§ **INSTRUCTIONS TO FOLLOW**
Instruction for the entries that follow: retype exactly the lines from the line with "Leurs photographies s’appuient" to the line with "Właściciel idzie się", both included, and omit all others.

§ **THE DATA**
****

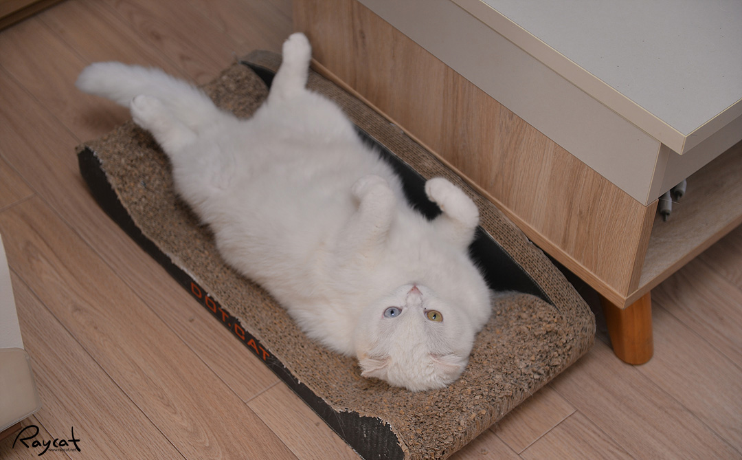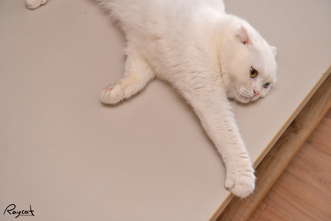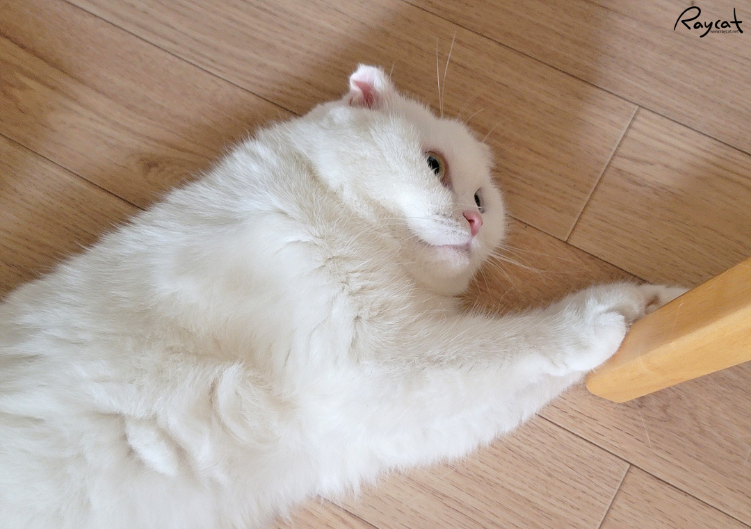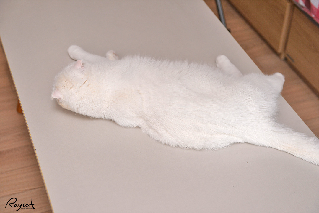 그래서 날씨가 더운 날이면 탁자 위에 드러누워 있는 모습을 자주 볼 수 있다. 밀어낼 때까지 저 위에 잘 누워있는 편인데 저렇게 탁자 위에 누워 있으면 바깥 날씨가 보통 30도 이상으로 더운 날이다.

****

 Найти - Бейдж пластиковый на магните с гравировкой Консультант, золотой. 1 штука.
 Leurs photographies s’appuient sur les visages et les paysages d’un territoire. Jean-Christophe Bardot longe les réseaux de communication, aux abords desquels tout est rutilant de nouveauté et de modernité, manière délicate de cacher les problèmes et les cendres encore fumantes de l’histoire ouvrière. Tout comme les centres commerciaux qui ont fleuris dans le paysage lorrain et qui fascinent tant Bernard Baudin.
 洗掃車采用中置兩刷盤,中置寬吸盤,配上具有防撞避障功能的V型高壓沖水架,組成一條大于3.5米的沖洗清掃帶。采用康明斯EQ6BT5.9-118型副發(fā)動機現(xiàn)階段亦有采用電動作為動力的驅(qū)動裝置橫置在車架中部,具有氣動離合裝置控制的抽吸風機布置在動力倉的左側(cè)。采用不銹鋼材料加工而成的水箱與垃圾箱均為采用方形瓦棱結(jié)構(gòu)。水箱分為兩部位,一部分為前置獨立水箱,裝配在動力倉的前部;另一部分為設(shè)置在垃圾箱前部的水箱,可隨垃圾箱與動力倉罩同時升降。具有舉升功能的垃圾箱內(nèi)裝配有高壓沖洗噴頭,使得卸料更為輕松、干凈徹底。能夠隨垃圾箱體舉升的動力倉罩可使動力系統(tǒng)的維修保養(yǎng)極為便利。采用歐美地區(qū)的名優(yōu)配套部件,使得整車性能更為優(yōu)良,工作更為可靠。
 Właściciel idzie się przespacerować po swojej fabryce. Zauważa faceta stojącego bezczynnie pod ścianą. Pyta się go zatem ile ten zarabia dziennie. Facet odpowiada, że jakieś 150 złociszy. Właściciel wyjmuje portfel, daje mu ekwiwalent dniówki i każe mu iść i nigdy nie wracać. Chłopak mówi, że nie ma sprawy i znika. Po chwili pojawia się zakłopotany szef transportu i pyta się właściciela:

****

§ **ANSWER TO THE EXERCISE**
 Leurs photographies s’appuient sur les visages et les paysages d’un territoire. Jean-Christophe Bardot longe les réseaux de communication, aux abords desquels tout est rutilant de nouveauté et de modernité, manière délicate de cacher les problèmes et les cendres encore fumantes de l’histoire ouvrière. Tout comme les centres commerciaux qui ont fleuris dans le paysage lorrain et qui fascinent tant Bernard Baudin.
 洗掃車采用中置兩刷盤,中置寬吸盤,配上具有防撞避障功能的V型高壓沖水架,組成一條大于3.5米的沖洗清掃帶。采用康明斯EQ6BT5.9-118型副發(fā)動機現(xiàn)階段亦有采用電動作為動力的驅(qū)動裝置橫置在車架中部,具有氣動離合裝置控制的抽吸風機布置在動力倉的左側(cè)。采用不銹鋼材料加工而成的水箱與垃圾箱均為采用方形瓦棱結(jié)構(gòu)。水箱分為兩部位,一部分為前置獨立水箱,裝配在動力倉的前部;另一部分為設(shè)置在垃圾箱前部的水箱,可隨垃圾箱與動力倉罩同時升降。具有舉升功能的垃圾箱內(nèi)裝配有高壓沖洗噴頭,使得卸料更為輕松、干凈徹底。能夠隨垃圾箱體舉升的動力倉罩可使動力系統(tǒng)的維修保養(yǎng)極為便利。采用歐美地區(qū)的名優(yōu)配套部件,使得整車性能更為優(yōu)良,工作更為可靠。
 Właściciel idzie się przespacerować po swojej fabryce. Zauważa faceta stojącego bezczynnie pod ścianą. Pyta się go zatem ile ten zarabia dziennie. Facet odpowiada, że jakieś 150 złociszy. Właściciel wyjmuje portfel, daje mu ekwiwalent dniówki i każe mu iść i nigdy nie wracać. Chłopak mówi, że nie ma sprawy i znika. Po chwili pojawia się zakłopotany szef transportu i pyta się właściciela:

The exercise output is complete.